I am still a little numb at the amazing interest in, and discussion about, the Padagogy Wheel from teachers and educators around the world. It is only a week since I published my last blog post “The Padagogy Wheel V2.0: It’s all about transformation and integration“. and the poster is at 8000 downloads and 500-800 people visit the blog a day and about 300 tweets a day as well.. I owe a sincere thank you to Jeff Dunn and the team at Edudemic for the encouraging first article “Integrate iPads Into Bloom’s Digital Taxonomy With This ‘Padagogy Wheel’” then the second blog post “New Padagogy Wheel Helps You Integrate Technology Using SAMR Model” The second article really did whip up an interest storm. I think you will appreciate the posts.
So why yet another version only one week later? Well out of the buzz about V2.0 came a suggestion that I couldn’t lay down, it ran around my head for days. A good friend said, “You know motivation is also at the core of the Wheel … how would that work?” Add to this line of thinking the fact that it seems all the excitement is about how Blooms interacts with the SAMR model and no one seems to be talking about the core of the wheel – Graduate Attributes and Capabilities. I wanted to upgrade the communication about the core concepts of the wheel so nobody missed their importance.
Graduate Attributes and Capabilities: Without this your learning design will drift. A major ah aha for me was when Prof Geoff Scott, the Executive Director of Sustainability at University of Western Sydney (UWS), was introduced as a keynote speaker at a Learning and Teaching Conference at the University of Adelaide in 2012. It was in during that presentation Geoff introduced research they had done within the business sector.

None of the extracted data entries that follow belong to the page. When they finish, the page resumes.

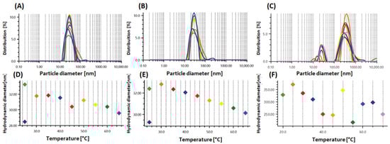 Particle size distribution of the formulations PEOANIB (A), PNFTANE (B) and PNFTENE (C). Variation in hydrodynamic diameter (y) versus temperature variation (x): PEOANIB (D), PNFTANE (E) and PNFTENE (F).
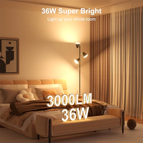 Energy Saving LED Floor Lamp -- This modern floor lamp is equipped with LED light, 36W (equal to 200W incandescent), which is up to 3000 lumens. enough light up the whole room. No need to buy extra light bulbs. There are 3 adjustable color temperatures changing (warm, neutral, white) to provide warmer and brighter light
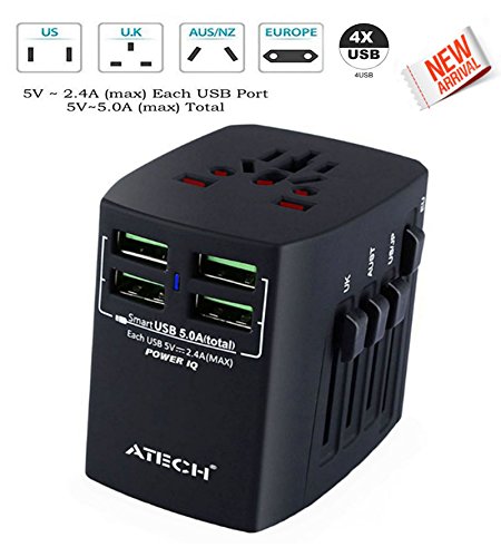 -. Title : Travel Adapter Universal Travel Adapter with 4USB Ports/5A Travel Charger Plug PowerIQ Wall Adaptor All-in-One International Power Converter Worldwide Outlet AC Socket for US/UK/EU/AU by ATECH
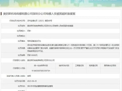 近日從深圳市市場監(jiān)督管理局網(wǎng)站獲悉,深圳市市場監(jiān)督管理局福田監(jiān)管局發(fā)布行政處罰信息(行政處罰決定書文號(hào):深市監(jiān)福處罰〔2023〕福田49號(hào)),涉及奧的斯...[詳情]
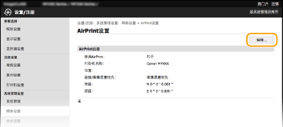 要更改 AirPrint 设置,请以系统管理员模式登录。
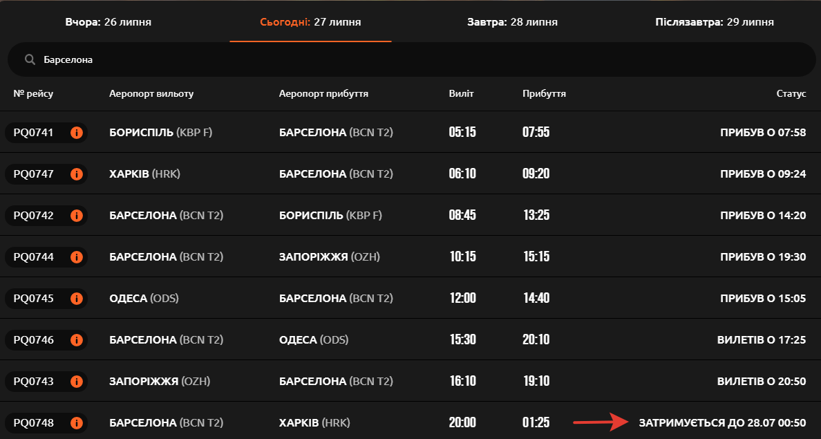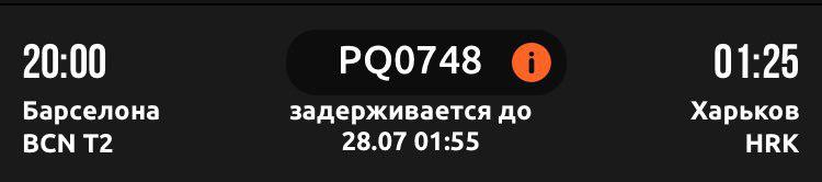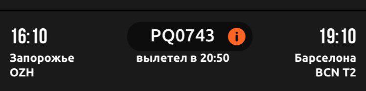 К 1.34 по Киеву стало известно, что их самолёт только прилетит в аэропорт Барселоны рейсом из Запорожья в 1.50 ночи. Причём, данный самолёт вылетел из Запорожья также с задержкой в несколько часов и должен был быть в Барселоне ещё в 19.10.
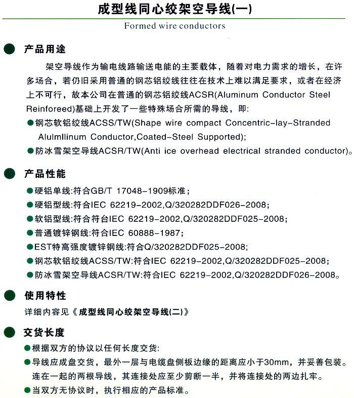 成型線同心絞合架空導線

They had asked CEO’s and executives …. the people that do the hiring, what they desired to see in graduates from Higher Education programs. When he introduced us to the top 15 requested capabilities, there was almost an audible gasp. Most of these are heart attitudes and values based. There was even more exclamation when we realised that most of them were not actively targeted by our courses. The top 15 are
- Having energy, passion and enthusiasm
- Being willing to give credit to others
- Empathising & working productively with diversity
- Being transparent and honest in dealings with others
- Thinking laterally and creatively
- Being true to one’s values and ethics
- Listening to different points of view before coming to a decision
- Understanding personal strengths & limitations
- Time management skills
- Learning from errors
- Learning from experience
- Remaining calm when under pressure
- Being able to make effective presentations to different groups
- Identifying from a mass of information the core issue/opportunity
These capabilities should be identified as part of our graduate attributes and woven into the fabric of our courses in the activity design. We need to have transformation at the core of what we do as teachers if it is all about the students. Don’t jump into learning outcomes, activity design and choosing technology without first reflecting on graduate attributes and capabilities then how to improve motivation and engagement. Skip these and your course design will be weaker for it.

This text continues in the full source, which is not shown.